The authors develop a fast solver for spectral element approximation of fractional diffusion equations using hierarchical matrix approximation, achieving a preconditioned system with condition number independent of polynomial degree and reducing the condition number by over 11 orders of magnitude. The computational cost is reduced to O(R^2 N_d log^2 N) + O(R^3 N_d log N) + O(N_d^2) for general meshes, with further reduction on structured meshes.

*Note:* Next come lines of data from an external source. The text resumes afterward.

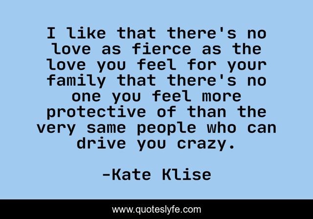 This page presents the quote "I like that there's no love as fierce as the love you feel for your family that there's no one you feel more protective of than the very same people who can drive you crazy.". Author of this quote is Kate Klise. This quote is about crazy, love, affection, people,.
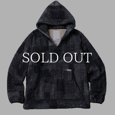 バンダナのパッチワーク柄をプリントしたフリースのフーディ。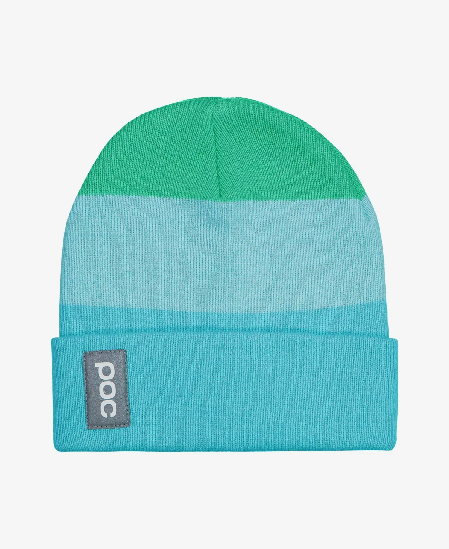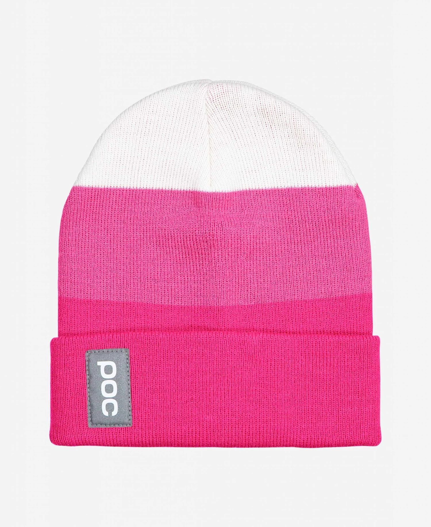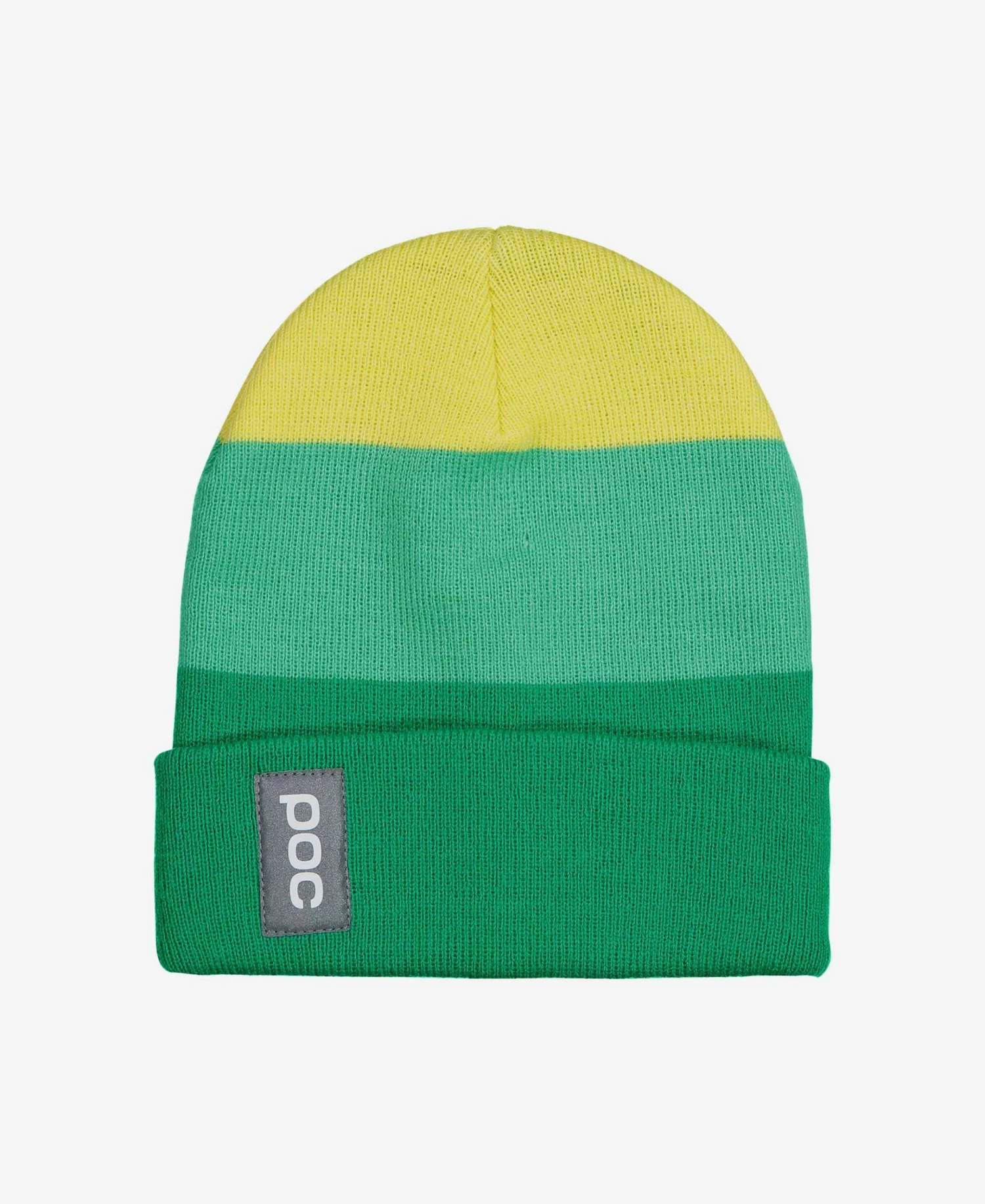 A double-knit semi-loose fit beanie with striped color blocks. A reflective POC label on the folded edge enhances visibility.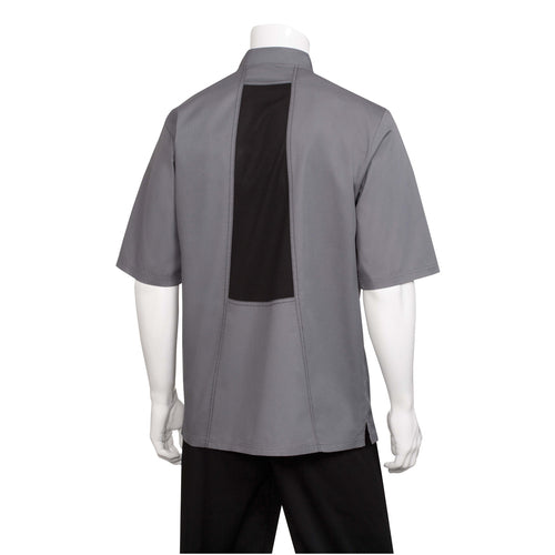 Valais Chef Coat, single-breasted, short sleeves, Cool Vent™ back and underarm panels, branded top snap, contrast topstitching, side seam slits, cloth-covered buttons, left chest patch and thermometer pockets, classic fit, 65/35 poly/cotton twill, gray with black contrast, small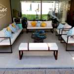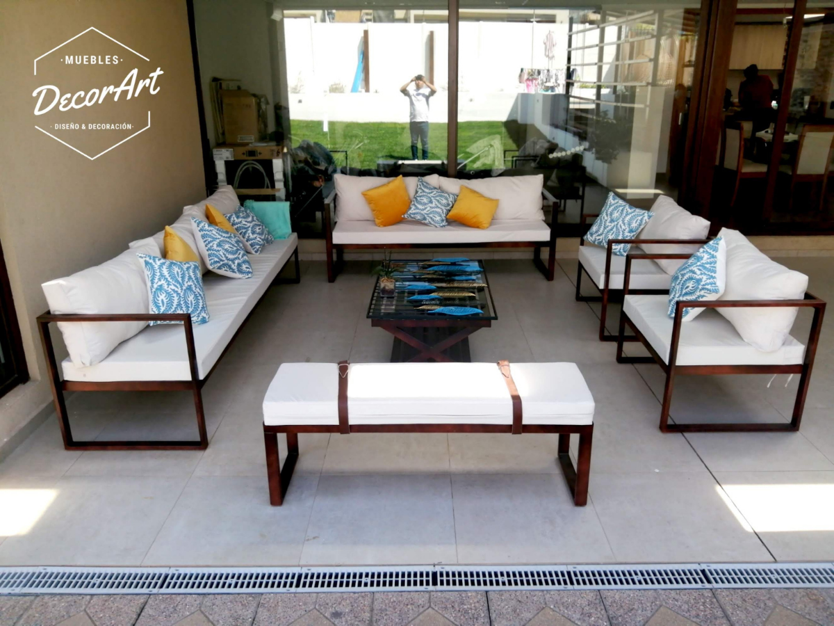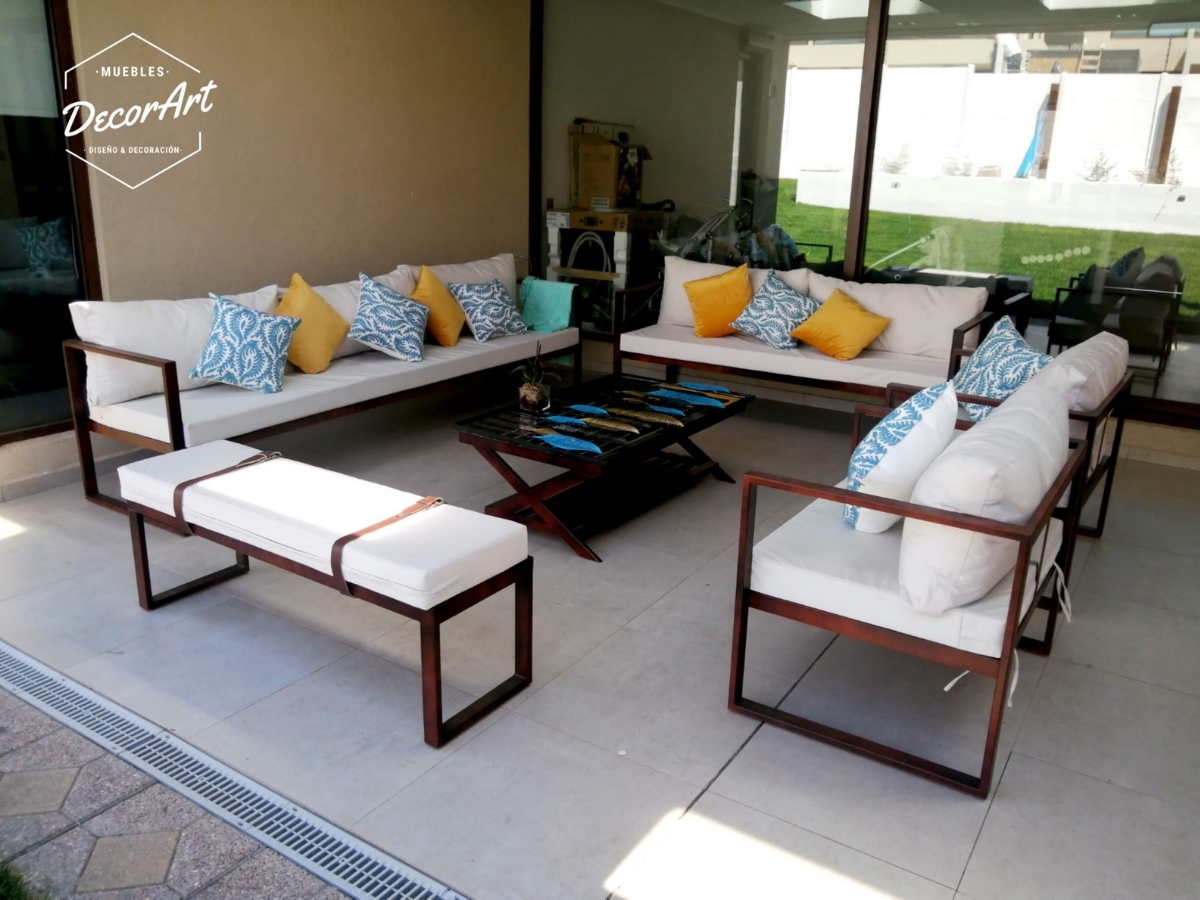 Su estructura metálica color óxido, combinada con cojines crudos de alta densidad, impermeables, con filtro UV y tratamiento antihongos, hacen de este set una opción de lujo para uso exterior durante todo el año.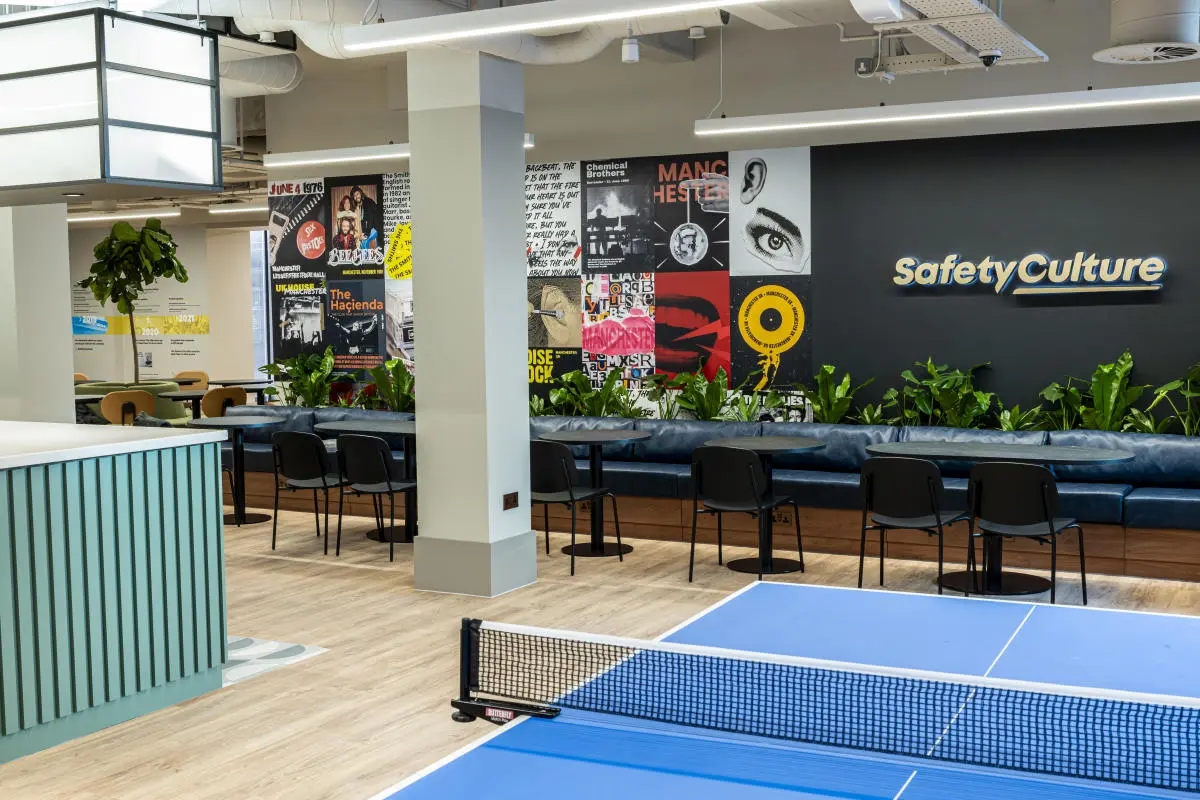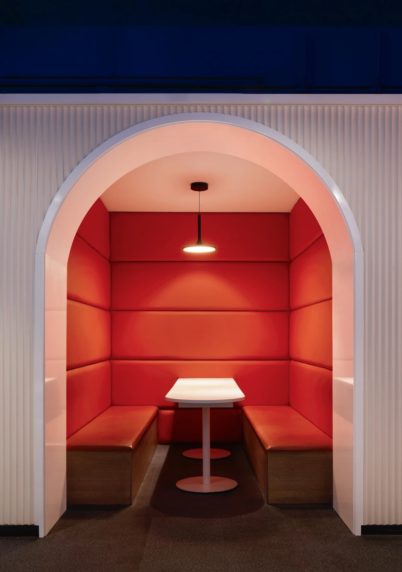 休闲区兼具休息、洽谈、放松身心的功能,橙与绿的撞色搭配,充满生机与活力。抬高阶梯的处理,为狭长的休闲区增加了立体使用的宽度。「众生礼佛」图默默地陪伴着大家,给予平和的爱与温暖。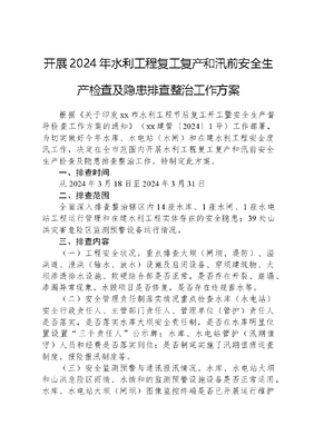 开展2024年水利工程复工复产和汛前安全生产检查及隐患排查整治工作方案.docx
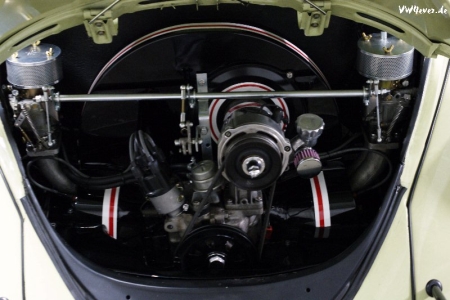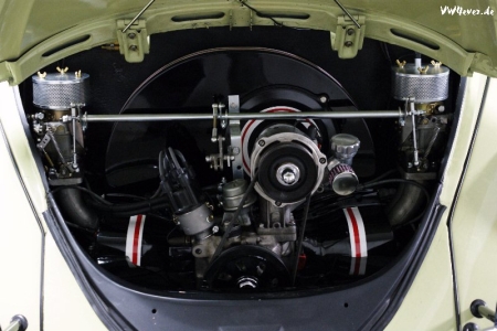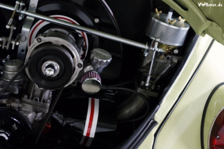 Wenn man schon mal dabei ist, soll natürlich alles sauber aussehen und verlegt sein. Also wurde die Zündspule noch versteckt und sämtliche Kabel verlängert und versteckt verlegt. Man sieht lediglich die Zündkabel (Bosch Silikon) und die Spritleitung! Dazu kam noch ein neuer originaler Bosch 009 Verteiler.

We develop a fast solver for the spectral element method (SEM) applied to the two-sided fractional diffusion equation on uniform, geometric and graded meshes. By approximating the singular kernel with a degenerate kernel, we construct a hierarchical matrix (H-matrix) to represent the stiffness matrix of the SEM and provide error estimates verified numerically. We can solve efficiently the H-matrix approximation problem using a hierarchical LU decomposition method, which reduces the computational cost to $O(R^2 N_d \log^2N) +O(R^3 N_d \log N)$, where $R$ it is the rank of submatrices of the H-matrix approximation, $N_d$ is the total number of degrees of freedom and $N$ is the number of elements. However, we lose the high accuracy of the SEM. Thus, we solve the corresponding preconditioned system by using the H-matrix approximation problem as a preconditioner, recovering the high order accuracy of the SEM. The condition number of the preconditioned system is independent of the polynomial degree $P$ and grows with the number of elements, but at modest values of the rank $R$ is below order 10 in our experiments, which represents a reduction of more than 11 orders of magnitude from the unpreconditioned system; this reduction is higher in the two-sided fractional derivative compared to one-sided fractional derivative. The corresponding cost is $O(R^2 N_d \log^2 N)+O(R^3 N_d \log N)+O(N_d^2)$. Moreover, by using a structured mesh (uniform or geometric mesh), we can further reduce the computational cost to $O(R^2 N_d\log^2 N) +O(R^3 N_d \log N)+ O(P^2 N\log N)$ for the preconditioned system. We present several numerical tests to illustrate the proposed algorithm using $h$ and $p$ refinements.